Adoption plays a central role in the biography of your protagonist, Iris Odys, and this is an issue that has become topical again in relation to Haiti after the 2010 earthquake. Giving your child in adoption is not always a selfish act, is it? At the same time, even the most loving of intentions can go wrong if the right procedure is not put in place to safeguard the suitability of adoptive parents and the safety of children. What are your thoughts on adoption into a foreign culture in the XXI century?

After the 2010 earthquake crisis in Haiti, many Europeans, Canadians, and Americans adopted Haitian orphans. In fact, some parents tried to give up their children for adoption, as it was an opportunity for their children to have a better life; but it is hard for people from Western cultures to understand that act of love and sacrifice. It is in that very same frame of mind that Iris’ mother gave her away in The Roving Tree.  We are seeing more and more of multi-racial or multi-cultural adoption these days. It is probably because people are more concerned with having successful careers before having children and it has become difficult for many to conceive at an advanced age and adoption is sometimes their only option.

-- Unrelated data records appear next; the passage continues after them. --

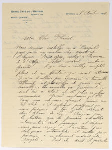 DUFY Raoul (1877-1953). L.A.S. « Raoul Dufy », Barjols 1er août 1914, à Fernand FLEURET ; 1 page et demie in-4 à en-tête du Grand Café de l’Univers, Barjols. Belle lettre juste avant le début de la Grande Guerre. Il est...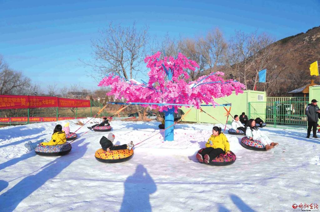 “咻——砰!”伴隨著一陣呼嘯與清脆的碰撞聲,一個(gè)個(gè)彩色雪圈接連滑下,終點(diǎn)處游客的歡呼聲瞬間驅(qū)散了冬日的寒意。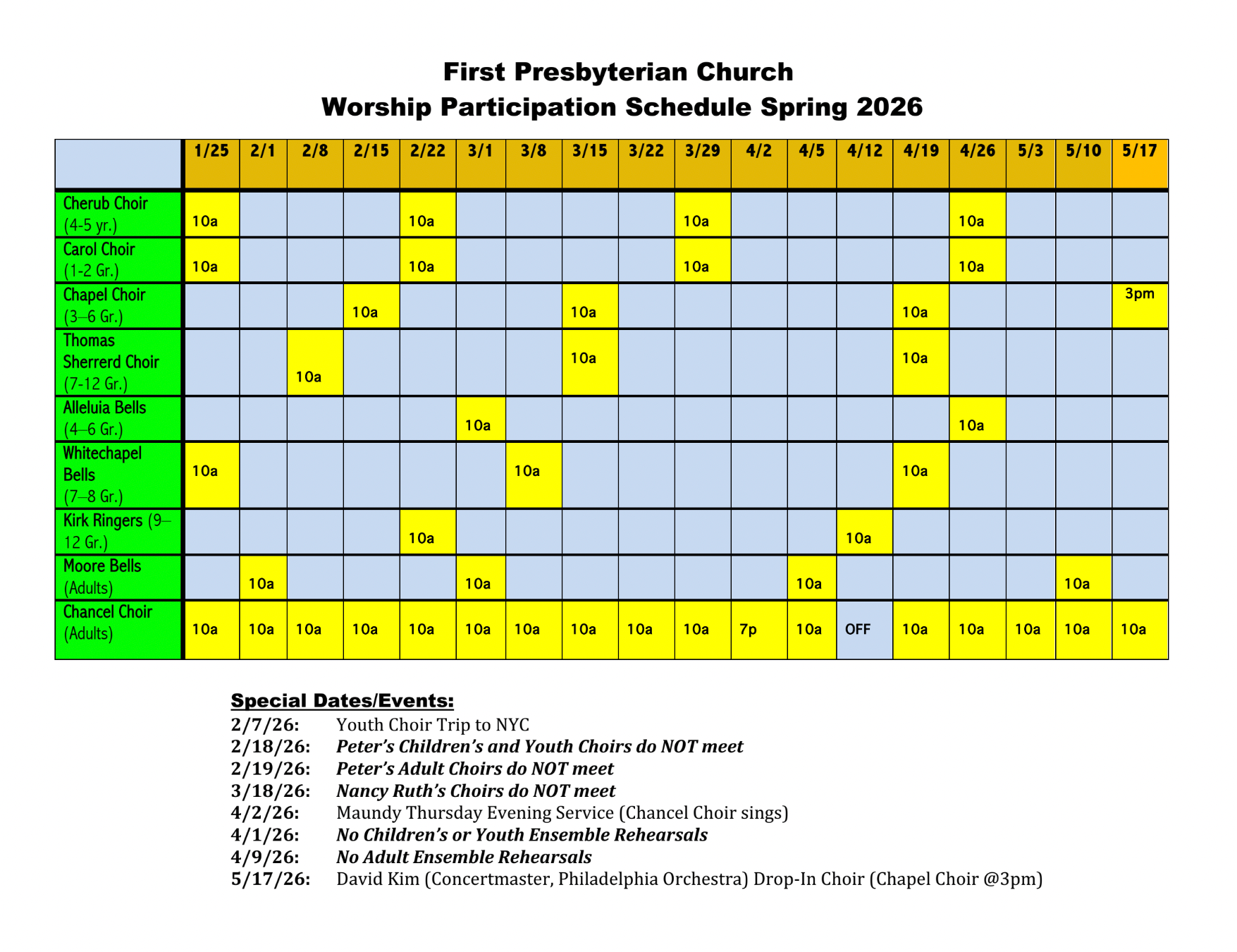 consists of children in 3rd through 6th grade. Chapel singers rehearse in Fellowship Hall each Wednesday from 4:00 – 4:30 p.m., beginning in September.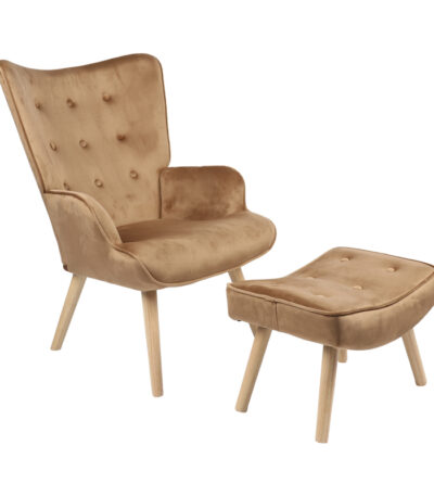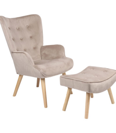 “Armchair with footstool Vivienne velvet fabric beige-natural leg 75x69x96cm&rdquo е додаден во Вашата кошничка. Погледни кошничка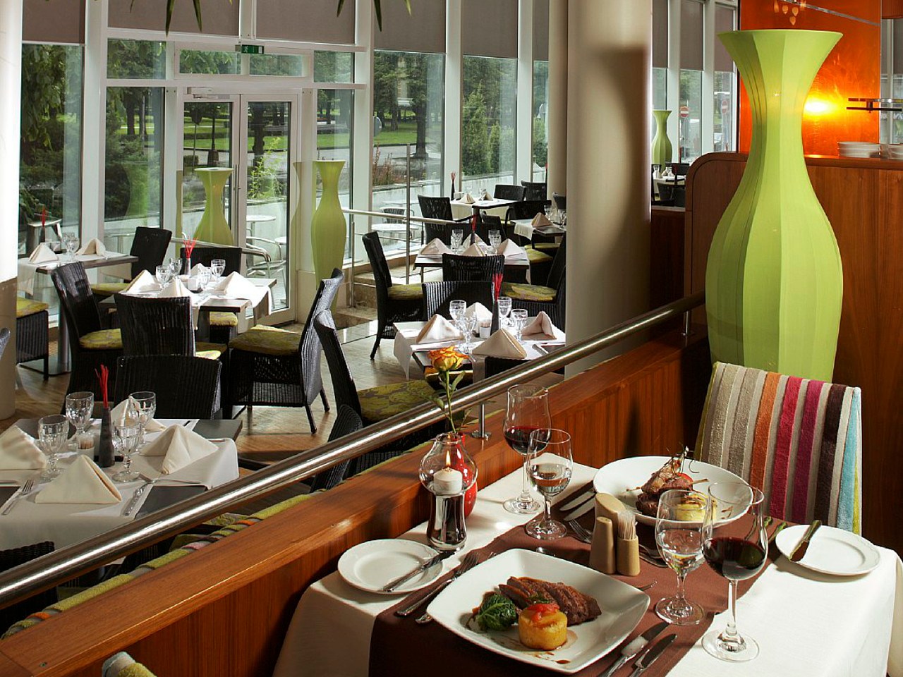 В ресторане Esplanade Вас ждет шведский стол на завтрак, а также блюда из à la carte меню на обед и ужин. Зал ресторана выполнен в виде атриума и создает ощущение легкости. Во время трапезы гости могут насладиться живописными видами на парк с одноименным названием. Завершите вкусную трапезу фирменным десертом: шоколадным цилиндром с муссом из замороженного белого шоколада и пропитанными ромом ягодами.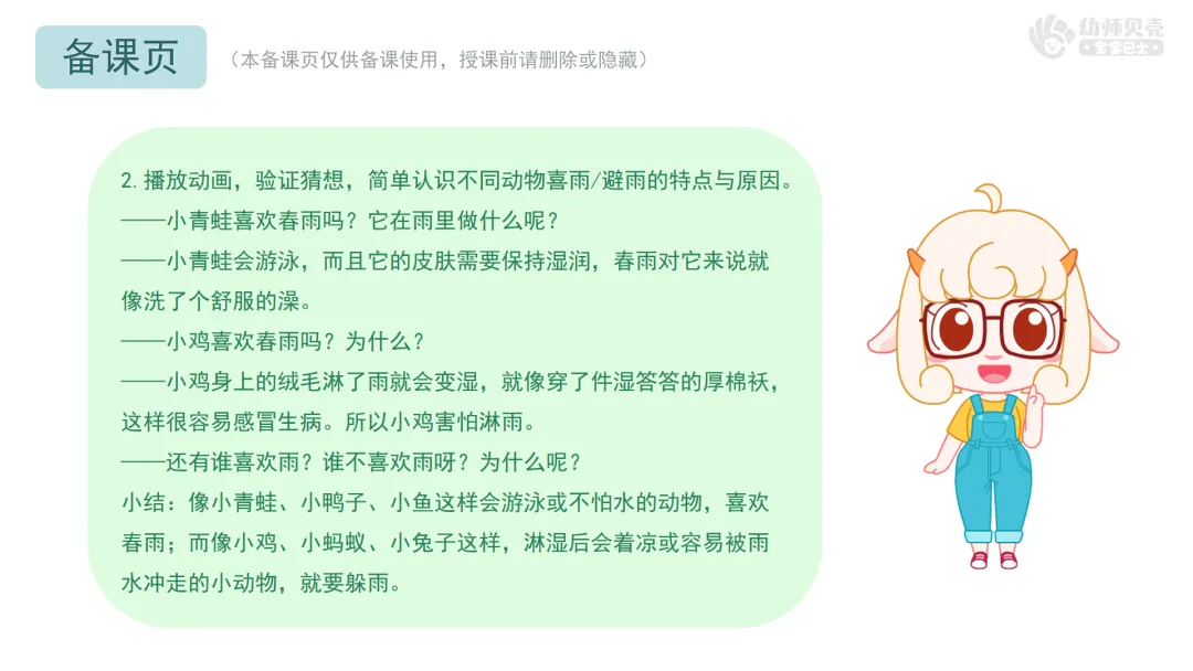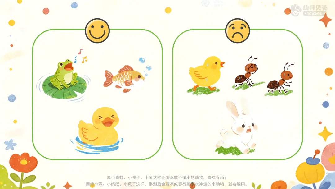 小结:像小青蛙、小鸭子、小鱼这样会游泳或不怕水的动物,喜欢春雨;而像小鸡、小蚂蚁、小兔子这样,淋湿后会着凉或容易被雨水冲走的小动物,就要躲雨。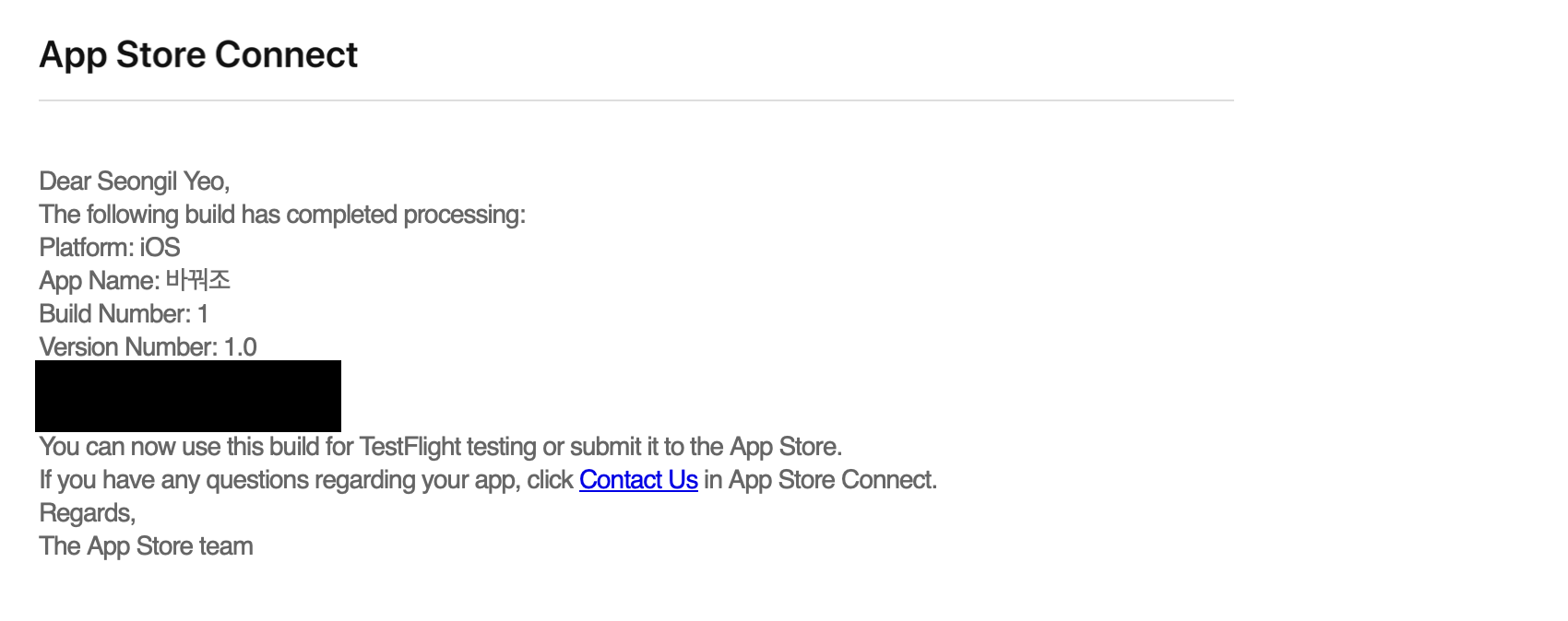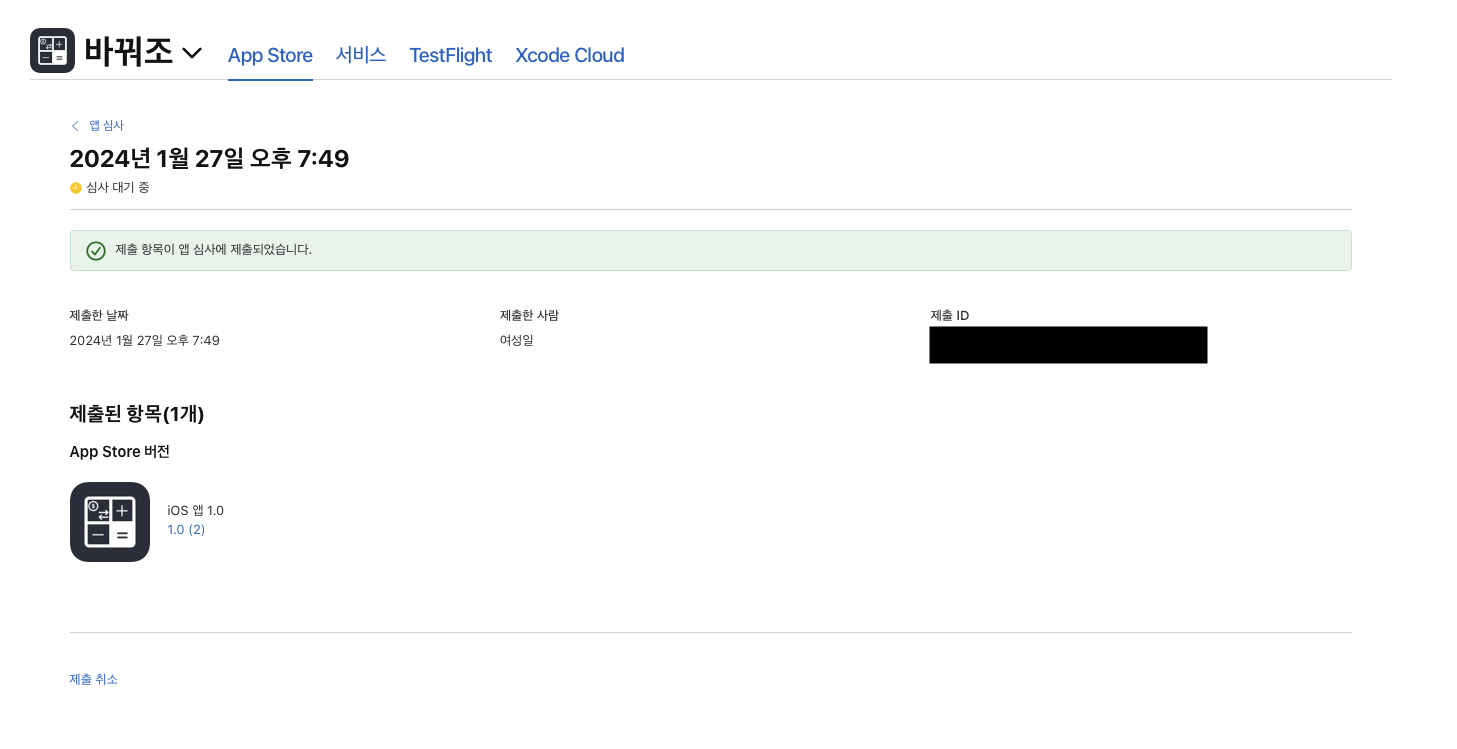 (App Store Connect에는 업로드 되어도 바로 반영되지 않을 수 있다.)

However, I do agree that something can go wrong in the process even if in most cases the adopted child is better off with adoptive parents.       

 

You have described The Roving Tree as “a story about rootlessness and cultural disaffiliation.” It seems like we live in a time when rootlessness is more and more the norm rather than the exception. Are we in danger of total cultural disassociation? And should we be afraid of it? 

People are not as rooted or culturally grounded as they were years ago. When I was growing up in Haiti, it was important to know who you are related to and how you are related. But now, my relatives have migrated to different countries and different states and we almost never see each other. Immigration has thus brought globalization so we can hardly speak of a single culture now.       

Your novel has been described as “a young woman’s search for her cultural and emotional identity.” Do you think this quest is a universal human need or is it triggered by certain social conditions (such as the relative comforts of middle class life or encountering the prejudice often directed against minorities)?

The issue of cultural identity is common among young people growing up in a multicultural society as they are often pulled in opposite directions by different sets of values. I see this sort of social malaise among American children of Haitian, Asian, or Hispanic parents in New York and among children of African or Caribbean descent in France. As for the question of emotional identity, I would say that it is a universal human phenomenon that is due to developmental changes people go through in life. It may also be the cause of what is perceived as social injustice toward a particular class or ethnic group.   




Published by the WEEKender supplement of Sint Maarten’s The Daily Herald newspaper on Saturday May 24, 2014.